Le psychiatre lillois Vincent Dodin. — DR

Les addictions, c’est son combat. Le Lillois Vincent Dodin a déjà publié deux livres sur le sujet : Victor et ses démons et Guérir les addictions chez les jeunes : 100 questions-réponses. Psychiatre à l’hôpital Saint-Vincent-de-Paul et professeur à la faculté catholique de médecine de Lille, il se penche, cette fois, sur les troubles alimentaires, un fléau qui touche environ 600.000 personnes déclarées en France et publie Anorexie, boulimie, en faim de conte, qui sort, ce mercredi.

La couverture du livre de Vincent Dodin.
La couverture du livre de Vincent Dodin. - DR

Quelle est l’originalité de ce livre sur un sujet souvent abordé ?

Je mets en avant le travail que nous menons à l’hôpital. Il s’appuie notamment sur des contes. Raconter des histoires permet d’aborder le sujet de façon concrète. Les contes que je reprends dans le livre sont un condensé de diverses expériences : par exemple, la maladresse d’un père évoquant devant tout le monde « la poussée de totottes » de sa fille, sans imaginer le mal que ça peut provoquer chez elle.

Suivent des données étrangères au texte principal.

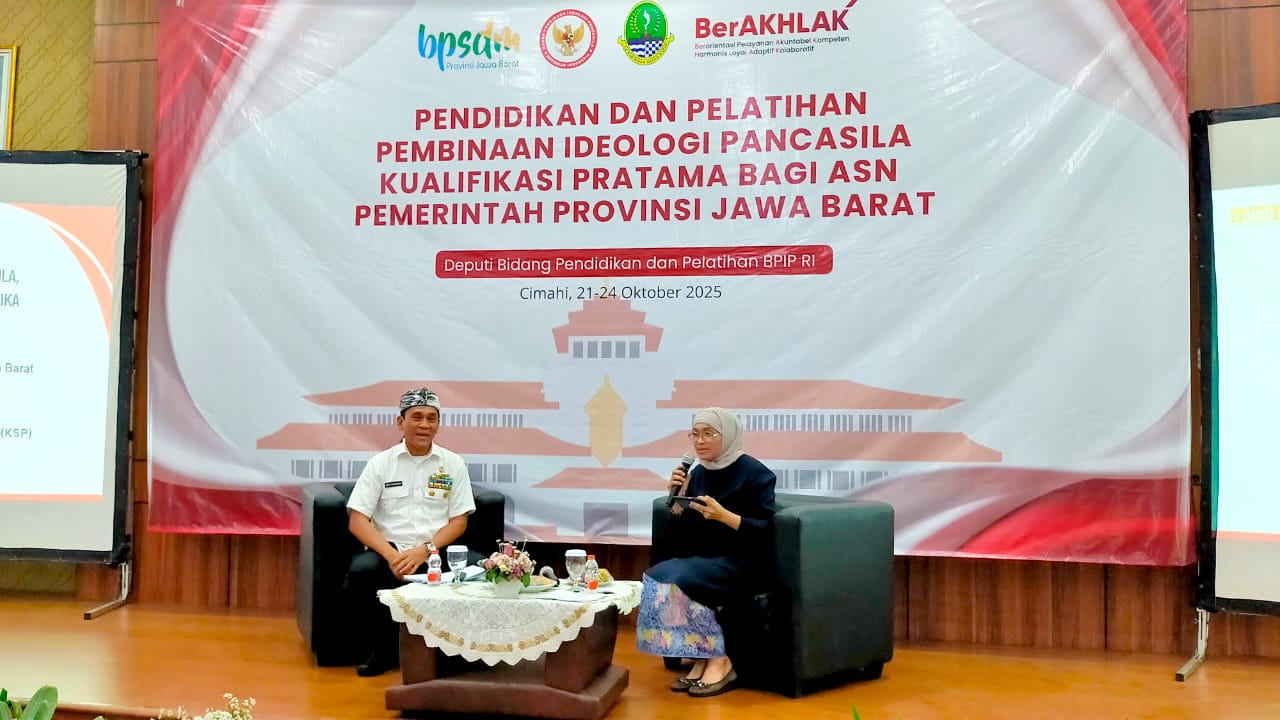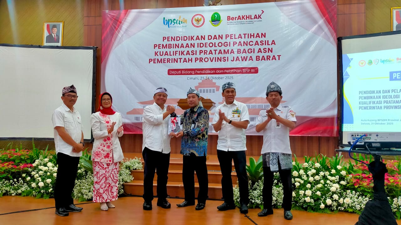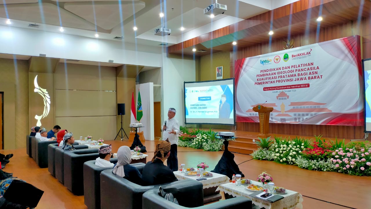 Tenaga Ahli Utama Kedeputian I Kantor Staf Presiden (KSP), Mayjen TNI (Purn) H. Dedi Sambowo, menjadi narasumber dalam kegiatan Diklat Pembinaan Ideologi Pancasila (PIP) bagi ASN Provinsi Jawa Barat yang diselenggarakan oleh BPIP bersama BPSDM Jawa Barat. Melalui pemaparannya, KSP menegaskan komitmennya dalam mengawal Asta Cita Presiden, khususnya cita pertama tentang pengokohan ideologi Pancasila, serta mendorong ASN untuk mengamalkan nilai-nilai Pancasila dalam setiap kebijakan dan pelayanan publik.

Quel est l’objectif de ce livre ?

Les émissions médiatiques consacrées à ces maladies ne sont pas souvent le reflet de la réalité. Le phénomène est plus complexe que ça. Je souhaitais transmettre notre expérience pour faire passer des idées qui ne sont pas toujours acceptées. En effet, chacun porte parfois des secrets de famille qui continuent d’avoir une incidence sur le comportement lorsqu’on devient parent à son tour.

Quels clichés sont véhiculés sur l’anorexie et la boulimie ?

L’image des mannequins responsable de l’anorexie, par exemple. Le culte de la minceur dans notre société joue effectivement un rôle mais ce n’est qu’un élément parmi bien d’autres. Croire qu’il suffit d’avoir de la volonté pour s’en sortir est aussi une idée totalement fausse. Au contraire, les anorexiques ont une volonté de fer.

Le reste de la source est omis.